Generating Sentences by Editing Prototypes
Idea
The authors propose a prototype-then-edit model that involves modifying a source sentence by attending to a random prototype from the source sequences and conditioning generation on a randomly sampled edit vector.
Method
- The formulation described in the paper stems from the observation that sentences in a large corpus can be viewed as minor transformations of the other sentences in the corpus.
- The method involves sampling a random prototype from the training set to condition on. To avoid an intractable sum over all the possible sentences in the training set, since each of them have a uniform probability of being picked, only prototypes $x’$ in the neighbourhood of the final output $x$, following the rationale that only a subset of the total prototypes could possible be edited into $x$.

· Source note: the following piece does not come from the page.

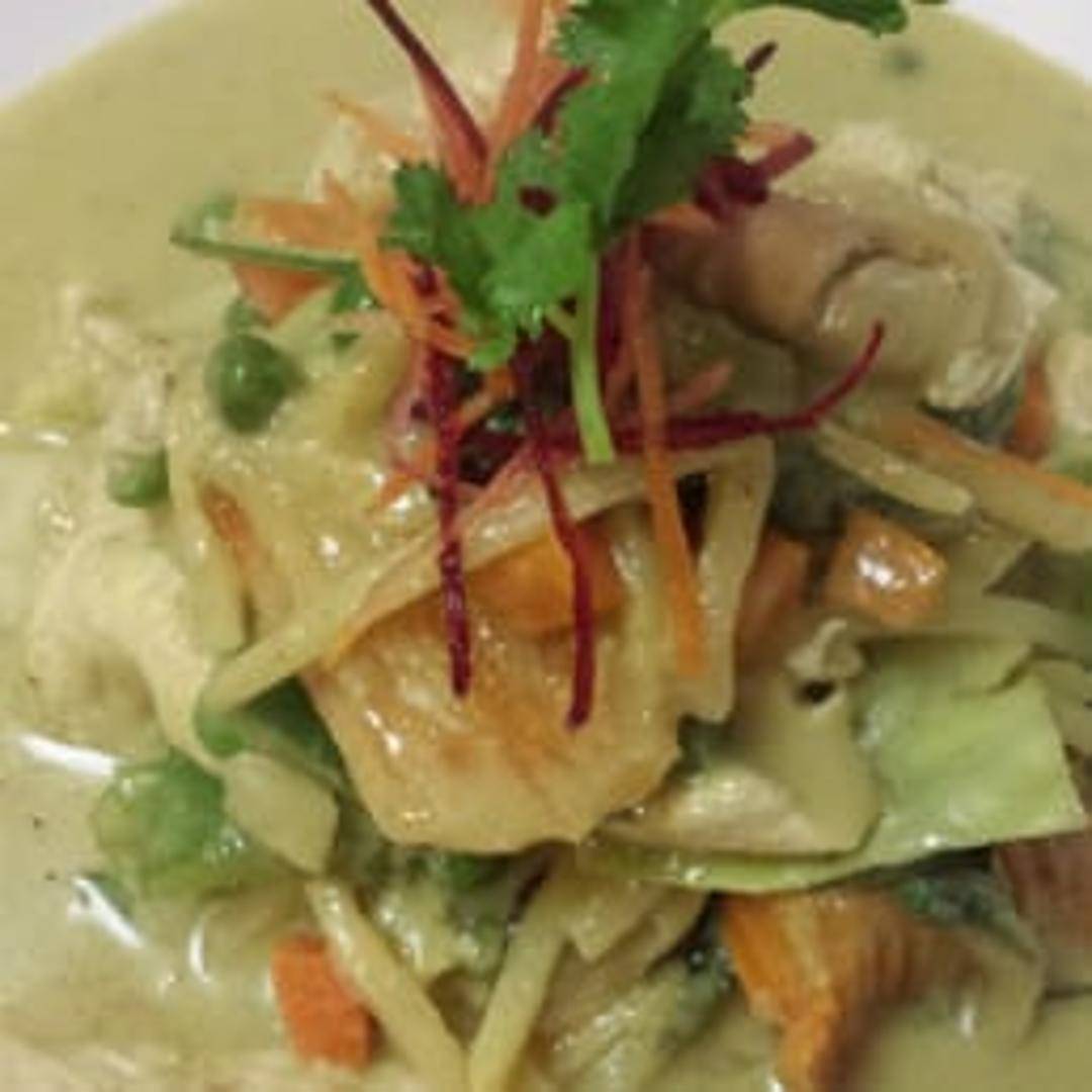 Shrimp simmered in a vibrant green curry sauce made with coconut milk, green chilies, bamboo shoots, bell peppers, eggplant, and basil. Served with a side of steamed jasmine rice.

- The neighbourhood of candidate prototypes is calculated using a word-edit distance metric - Jaccard Distance.
- The prototype vector is attended to while decoding.
- The other component of the latent space is the random vector that is analogous to $z$ in a VAE setup. Unlike most applications of VAE, the sampling is done from a prior that is not a simple Gaussian distribution.
Experiments
- A vocab size of $10K$ was used and the named-entities (proper nouns) were replaced by their base common nouns.
- Corpora used for the experiments were Yelp review and BillionWord
- The encoder used a 3 layer bidirectional LSTM and the decoder uses a 3 layer LSTM model with attention.
Observations
- The perplexity results outperforms a vanilla neural language model and a 5-gram Kneser-Ney language model used in an ensemble for the Yelp corpus.
- Qualitative results indicate that multiple edits performed on a single sentence prevents degeneration to generic sentences.